Schooling the World: the White Man’s Last Burden
Directed by Carol Black (2010)
Film Review
Schooling the World, featuring Indian environmental activist Vendana Shiva and Helene Norberg Hodge (producer of Economics of Happiness), is about the colonizing function of western education. The “White Man’s Burden” is a Victorian reference to the schooling of ignorant natives for the purpose of “civilizing” them.
Historically, the primary purpose of western education has been to facilitate the seizure of occupied land by destroying native language and culture. At present, however, its main purpose is to train children to use corporate products in a modern environment and to become compliant workers in a global industrial system. Thanks to western education, “backward” third world children transition from self-sufficient members of local economies to dependent cogs in the global economy.
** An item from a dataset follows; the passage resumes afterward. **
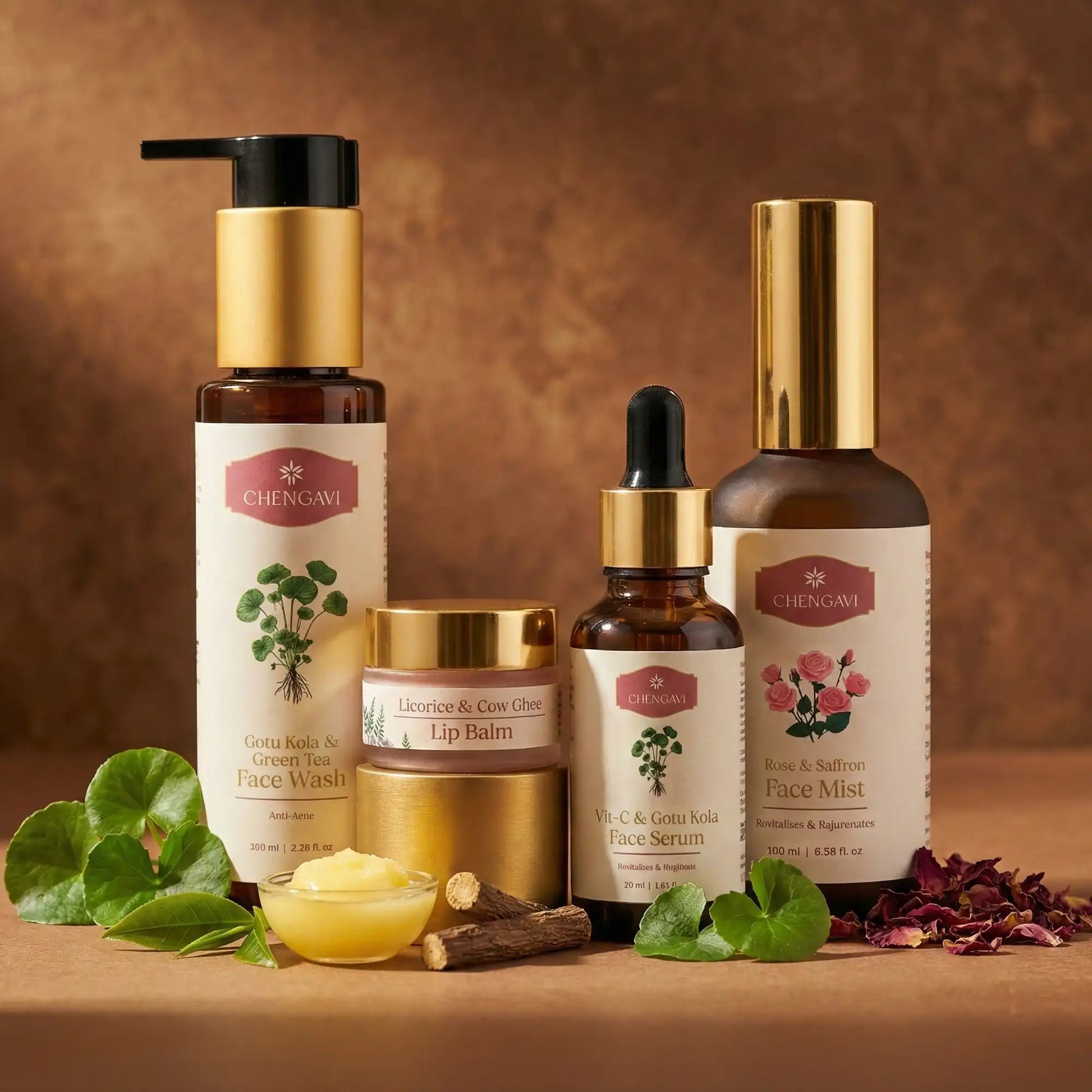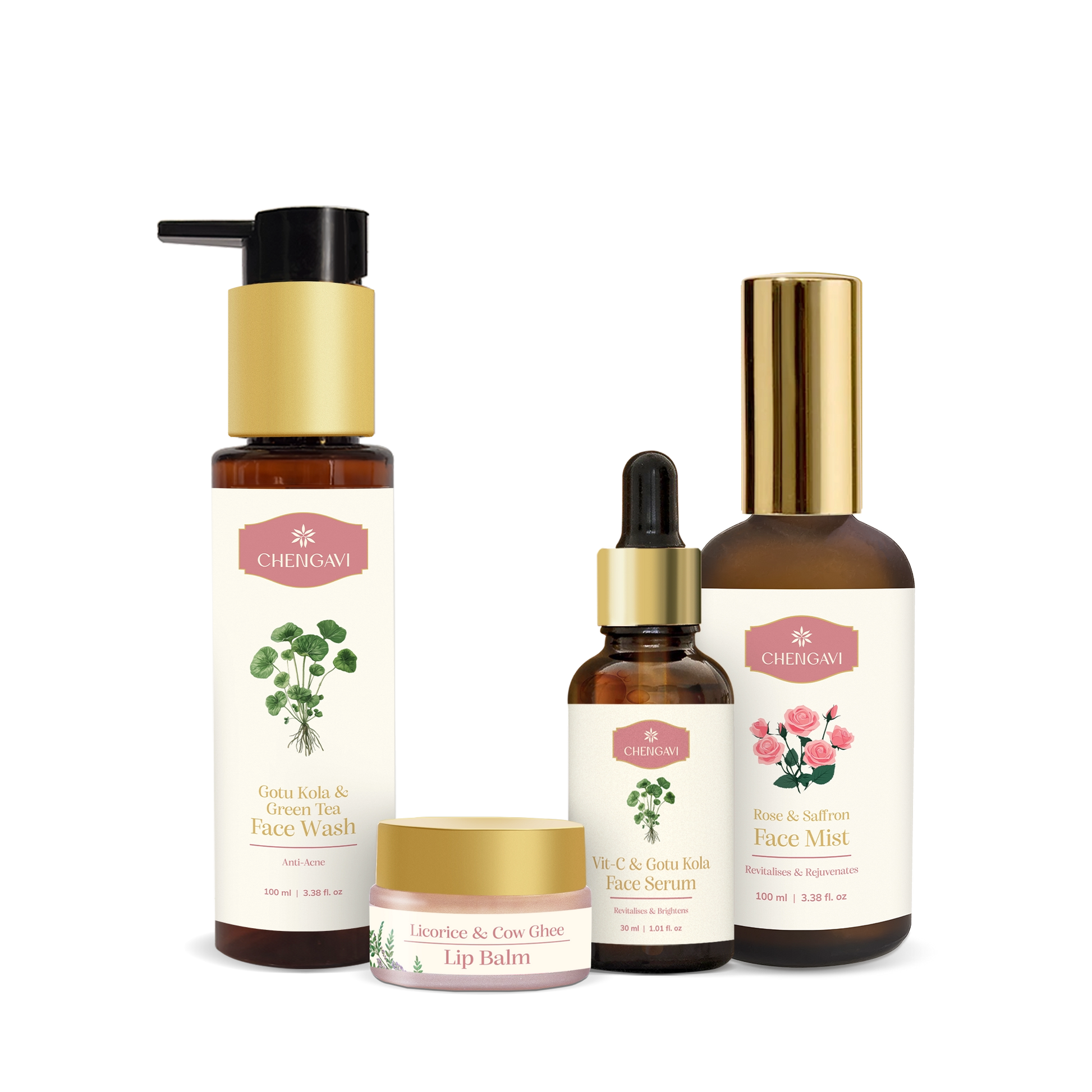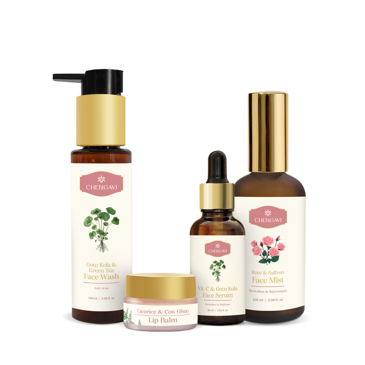 Take the required amount of the facewash on your hand and work gently in a circular motion on your face. Rinse off with water & towel dry. Hold the mist 8-10 inches from face and spray gently to lock in the hydration. Allow the mist to be absorbed by the skin. Apply 3-4 drops of serum to your face and neck, massaging in upward circular motion until absorbed. Complete the ritual with your the lipbalm and you are good to go.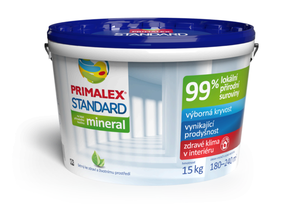 Primalex STANDARD Mineral je bílý vnitřní malířský nátěr na bázi přírodních surovin, který splňuje veškeré základní požadavky na užitné vlastnosti bežných a nenáročných prostot. Trvale garantuje výbornou kryvost, vynikající paropropustnost a bělost (~ 85 %BaSO4). Díky 99% přírodnímu složení bez obsahu těkavých látek pomohá udržovat čistý a zdravý domov.

The documentary gives three examples of this philosophy in practice: the historical outrage of indigenous Americans being kidnapped from their parents (in both Canada and the US) to have their language and culture forcibly stripped from them and modern day Ladakh and India, where rural parents experience intense pressure to send their kids to English schools.
In Ladakh, a Buddhist education teaching children compassion, cooperation and respect for nature has been replaced by an education valuing conformity, regimentation and love for money. Meanwhile many Indian parents sell their homes to pay for western-style education they believe will win their kids positions as doctors or engineers. In the end, the majority end up unemployed, with a lucky few finding entry level work.
Instead of teaching them sustainable living in harmony with nature, Western education teaches children to see themselves as separate from the natural world by locking them up in dark, airless, ugly spaces – and giving them books about nature.
The filmmakers challenge the wisdom of allowing the industrial north to force their educational model on the entire world when it clearly isn’t working for western youth. They refer to statistics showing that 16 million American young people suffer from depression and 1.6 million take psychotropic medication.
They also challenge that “development” (ie colonization) and western education lifts the “developing” world out of poverty. Historical evidence shows clearly that third world misery is a direct result of systematically stripping native inhabitants of their land, local economies, language and culture.